* **YOUR GOAL**: In the material below, pictures must be dropped. Repeat exactly, and only, the lines from the line with "Custom Purple Thunder" to the line with "Welcome to this", both ends included.

Segment Start: LISTED RECORDS

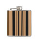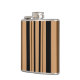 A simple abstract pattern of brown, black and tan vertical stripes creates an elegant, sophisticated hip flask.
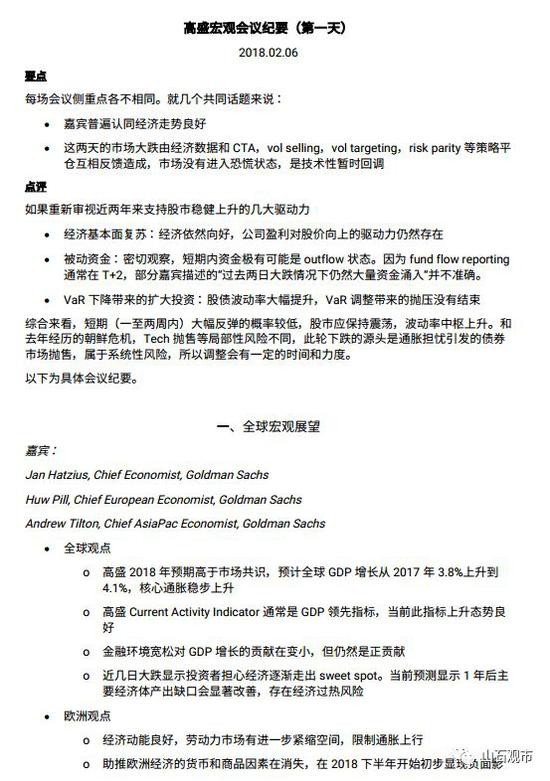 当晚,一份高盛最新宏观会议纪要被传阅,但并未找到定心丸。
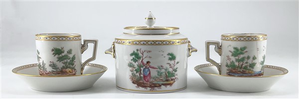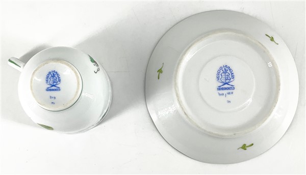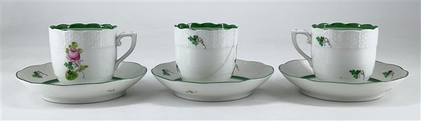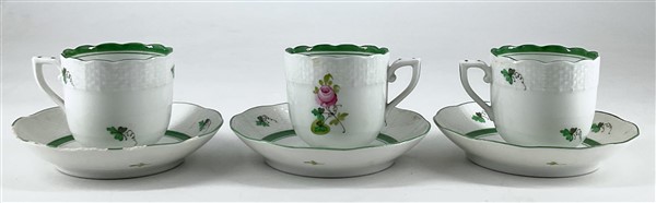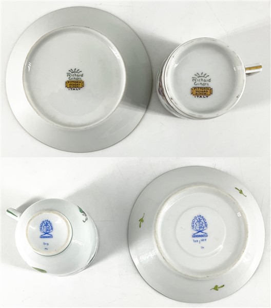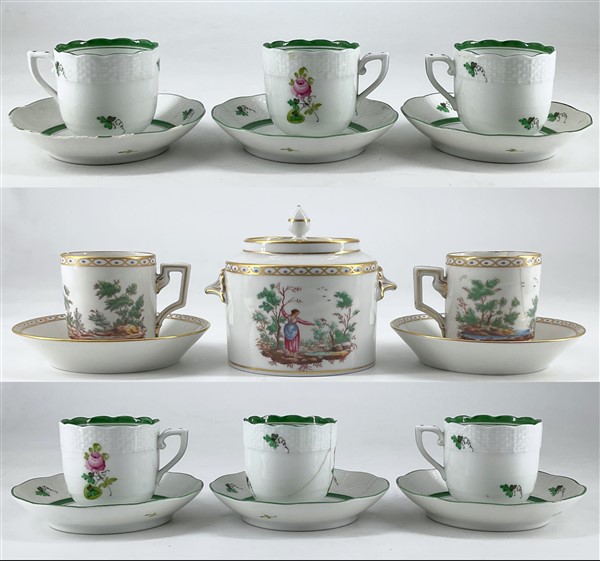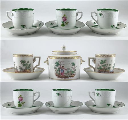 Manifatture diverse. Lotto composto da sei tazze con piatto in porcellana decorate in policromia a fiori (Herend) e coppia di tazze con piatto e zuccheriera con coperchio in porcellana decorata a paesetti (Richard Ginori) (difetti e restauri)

Segment End: LISTED RECORDS
Segment Start: LISTED RECORDS

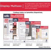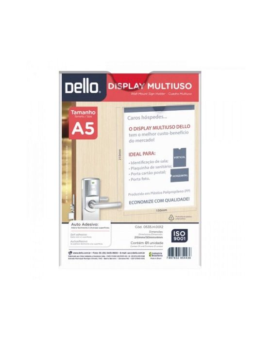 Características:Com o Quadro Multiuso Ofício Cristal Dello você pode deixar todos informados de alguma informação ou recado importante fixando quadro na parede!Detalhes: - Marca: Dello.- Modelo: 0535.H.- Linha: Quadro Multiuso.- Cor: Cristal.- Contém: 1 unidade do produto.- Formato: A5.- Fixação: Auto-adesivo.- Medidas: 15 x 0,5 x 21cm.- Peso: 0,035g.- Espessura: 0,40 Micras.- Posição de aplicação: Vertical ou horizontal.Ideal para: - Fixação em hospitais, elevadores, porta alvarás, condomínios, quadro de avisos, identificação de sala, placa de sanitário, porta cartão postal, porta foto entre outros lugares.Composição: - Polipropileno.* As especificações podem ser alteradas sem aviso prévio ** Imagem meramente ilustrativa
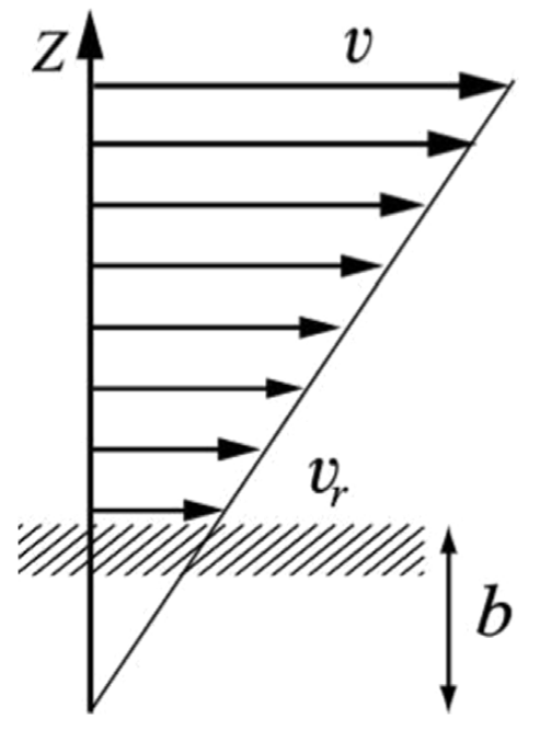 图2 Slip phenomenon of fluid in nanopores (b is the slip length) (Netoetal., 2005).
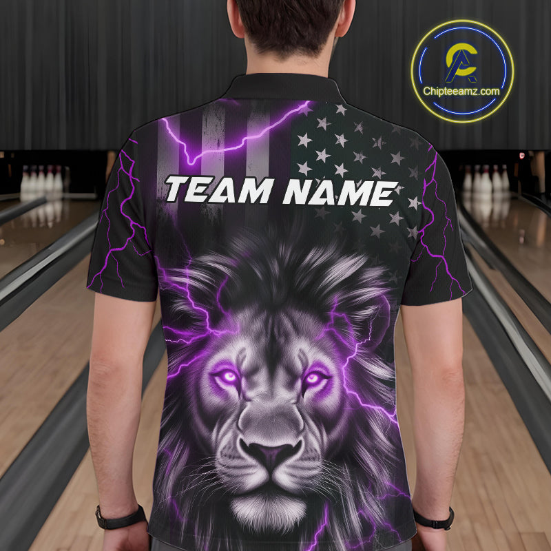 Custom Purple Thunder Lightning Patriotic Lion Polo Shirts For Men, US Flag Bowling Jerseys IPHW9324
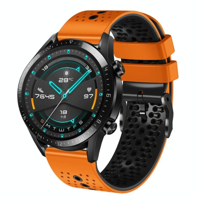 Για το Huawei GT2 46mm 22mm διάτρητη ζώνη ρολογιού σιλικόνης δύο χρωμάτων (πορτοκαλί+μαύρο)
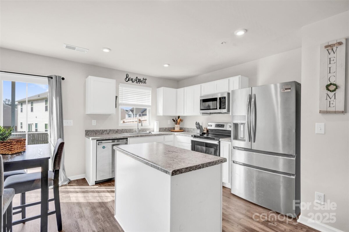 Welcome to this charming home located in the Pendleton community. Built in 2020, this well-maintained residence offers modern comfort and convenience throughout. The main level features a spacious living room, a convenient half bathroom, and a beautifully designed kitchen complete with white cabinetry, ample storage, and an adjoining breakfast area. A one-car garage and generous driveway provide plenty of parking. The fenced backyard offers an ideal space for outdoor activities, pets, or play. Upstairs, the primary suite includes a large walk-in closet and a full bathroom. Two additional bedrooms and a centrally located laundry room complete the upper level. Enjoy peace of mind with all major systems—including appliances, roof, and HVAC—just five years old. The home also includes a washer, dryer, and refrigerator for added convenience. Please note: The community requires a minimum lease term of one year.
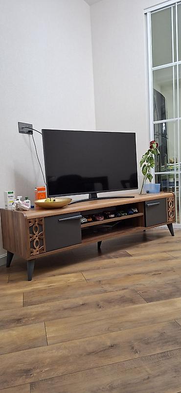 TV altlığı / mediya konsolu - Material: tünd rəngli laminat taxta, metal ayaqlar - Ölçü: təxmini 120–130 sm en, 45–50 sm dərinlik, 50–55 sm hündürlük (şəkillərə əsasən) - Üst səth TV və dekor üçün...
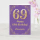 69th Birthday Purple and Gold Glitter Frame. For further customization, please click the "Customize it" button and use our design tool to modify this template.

Segment End: LISTED RECORDS

* **RESPONSE AREA**:
 Custom Purple Thunder Lightning Patriotic Lion Polo Shirts For Men, US Flag Bowling Jerseys IPHW9324
 Για το Huawei GT2 46mm 22mm διάτρητη ζώνη ρολογιού σιλικόνης δύο χρωμάτων (πορτοκαλί+μαύρο)
 Welcome to this charming home located in the Pendleton community. Built in 2020, this well-maintained residence offers modern comfort and convenience throughout. The main level features a spacious living room, a convenient half bathroom, and a beautifully designed kitchen complete with white cabinetry, ample storage, and an adjoining breakfast area. A one-car garage and generous driveway provide plenty of parking. The fenced backyard offers an ideal space for outdoor activities, pets, or play. Upstairs, the primary suite includes a large walk-in closet and a full bathroom. Two additional bedrooms and a centrally located laundry room complete the upper level. Enjoy peace of mind with all major systems—including appliances, roof, and HVAC—just five years old. The home also includes a washer, dryer, and refrigerator for added convenience. Please note: The community requires a minimum lease term of one year.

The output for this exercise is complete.